Обо мне не тужи: мне здесь не плохо.
Я под большим впечатлением речи Жданова. Читала ли ты ее?[607]
P. S. Не хочется расстаться с тобою. Еще немножко побуду, моя любимушка. Меня тяготит мысль — как ты переживаешь неутешительный ответ на свое ходатайство. Крепись и ты, Сонюшка. Еще раз скажу любимые слова Татьяны Николаевны. «Все пройдет — одна правда останется». С нами наше прошлое и наша любовь. Будем ими жить. Я ими смогу жить. Тебя, может быть, удивляет, почему у меня так мало надежды, что я, не зная ответа, утешаю тебя. Сонюшка, я верю, что справедливость восторжествует, 0+0+0 — даст, как и в математике, — 0, а не 8. («Здорово сострил, малютка» — помнишь Джона из «Сверчка на печи»?) Но я пока остаюсь под подозрением, а международное положение столь неблагоприятно, что заподозренных будут держать в изоляции. Мне так кажется. Ну а какие у нас средства рассеять подозрение? Нужно ждать более спокойного времени. Не может быть, чтобы из‐за лишь подозрения держали полный срок. Только бы меня вывезли из запретной зоны и разрешили повидаться с тобой. Милая, дорогая — будь спокойна, живи тем, что у тебя осталось хорошего, а ведь ты оглянись на свою жизнь — разве у тебя мало хорошего, чем можно заполнить жизнь. Мне так хочется приласкать тебя, успокоить, внушить тебе волю и к своей жизни. Люблю тебя крепко, и любовь моя всегда с тобою. Надо кончать, а мне так трудно оторваться от этого листика, ну еще раз до свидания в следующем письме.
Целую тебя.
Дорогая моя Сонюшка, пишу тебе наспех. Вот в чем дело. Ты уже знаешь, что я писал начальнику всего строительства БАМа Френкелю и напомнил ему 1) об организации мною на Медвежьей горе геолог. отдела в музее, 2) об организации дважды курсов технико-геологических изысканий и проведении их.
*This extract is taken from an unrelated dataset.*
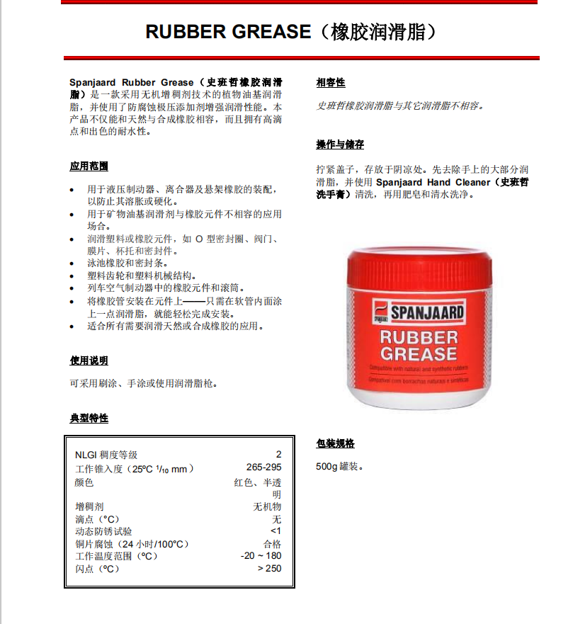 SpanJaard Rubber Grease史班哲橡膠潤(rùn)滑脂 植物油基潤(rùn)滑脂礦物油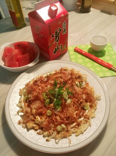 오꼬노미야끼만들어서 막걸리 한잔 하트.

Кончившие курсы себя вполне оправдали и на Беломорстрое, и позднее на канале Волга — Москва, и в БАМ’е, 3) что по его представлению я был освобожден с литерами ББВП и мне была оказана честь объявления этого освобождения и награды — в его кабинете его секретарем — Гареликом[608].
Напомнил и о его беседе в 1½ часа, которую он вел со мною у себя в квартире, когда я принес от геологического отделения ему коллекцию горных пород трассы канала.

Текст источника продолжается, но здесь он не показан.